Anyway, the reference is Antique Maps, by Carl Moreland, but you can read it online at its very own website. Now, the goal of this tome is to introduce prospective buyers to the essentials of map- and print-making, but the information passed along makes it well worth the occasional digressions. For example, Chapter Two, “The Printing of Old Maps,” gives a succinct and worthwhile survey of techniques that formed the foundation of all diagrams and printing techniques from the 16th to the 19th Centuries.

This historical stuff fascinates me, as my previous post about dodo lithographs may suggest. Printing maps made maps worthwhile in a way that drawing maps was not: a printed map could be amended and improved upon, and it could effectively incorporate input from myriad voyagers, surveyors, and sailors. In my opinion, that conceptual transformation has few parallels in the history of human thought.

More on that in posts to come…

Trying in Vein

Yes, I live in New York, but no, I did not attend NextFest while it was here. I nabbed the above image from their website, though!

It shows a Luminetx VeinViewer in action. Basically, the gadget takes an infrared image of a part of one’s body then re-projects it onto the corresponding surface of one’s skin. Veins don’t reflect the near infrared light, but the surrounding tissue does, so you get a high-contrast view of the veins. Hence, “VeinViewer.”

What I find amazing about the above image is that it communicates that concept fairly clearly—okay, not the near-infrared part, but the general function of the device. You see the image above, and you say to yourself, “Wow, I can see his veins!”

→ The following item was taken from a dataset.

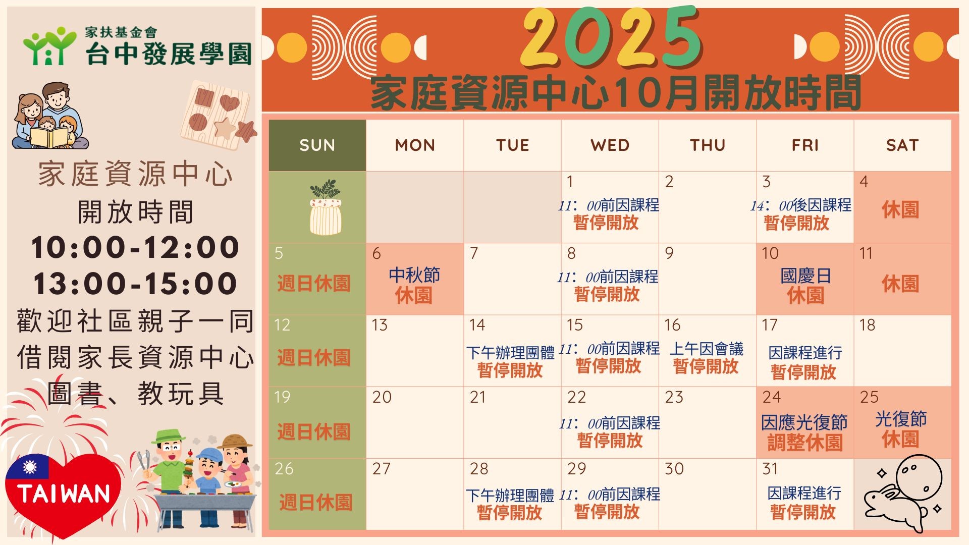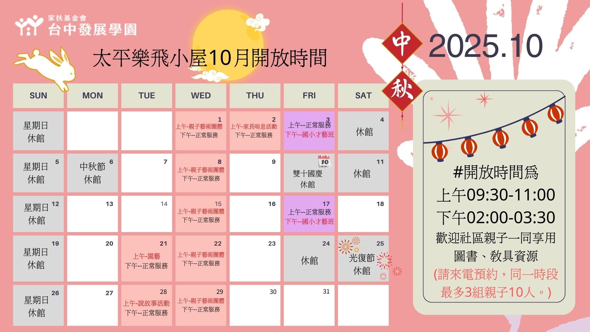<2025年10月份家庭資源中心、太平樂飛小屋開放公告>
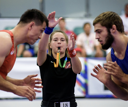 Вся спортивная система построена так, что спортсмен начального уровня постепенно выполняет нормативы, уровень которых повышается. Этот подход наблюдается и в судействе – сначала, когда сам борешься, знакомишься с правилами, особенностями организации судейства, далее привлекаешься к судейству детских, юношеских соревнований в качестве судьи: хронометристом, затем боковым судьёй, судьёй на ковре и т.д. Помимо выполнения функциональных обязанностей арбитра или бокового судьи, будущий рефери должен участвовать в теоретических и практических семинарах, которые позволяют ему расти профессионально. В последующем он сдаёт экзамен и получает определённую степень, или ступень, или звание. Только пройдя ступени в России, он выходит на международную арену. На олимпийских играх или на крупных соревнованиях главный судья даёт клятву от лица всех судей: «судить честно». Роль судьи в схватке очень важна. Только избранные могут участвовать в судействе на Олимпийских играх.

Now, that may not seem like such an accomplishment, but take a look at the images from the Luminetx gallery. Actually, I’ll save you the trouble and link one of the images below:

I mean, okay, the kid looks happy, but what’s that on his arm? It looks like he got a weird tattoo! (Or was the victim of some poor Photoshop work.) Having seen the other image, I understand what’s going on, but the image doesn’t read as clearly as the one from the NextFest site. Offhand, one might think that the real-world image from Luminetx would communicate the concept better than the somewhat stylized image of just the backlit hand. But the composition, lighting, and sheer simplicity combine to distill the concept in an impressively lucid (and certainly more aesthetically pleasing) manner.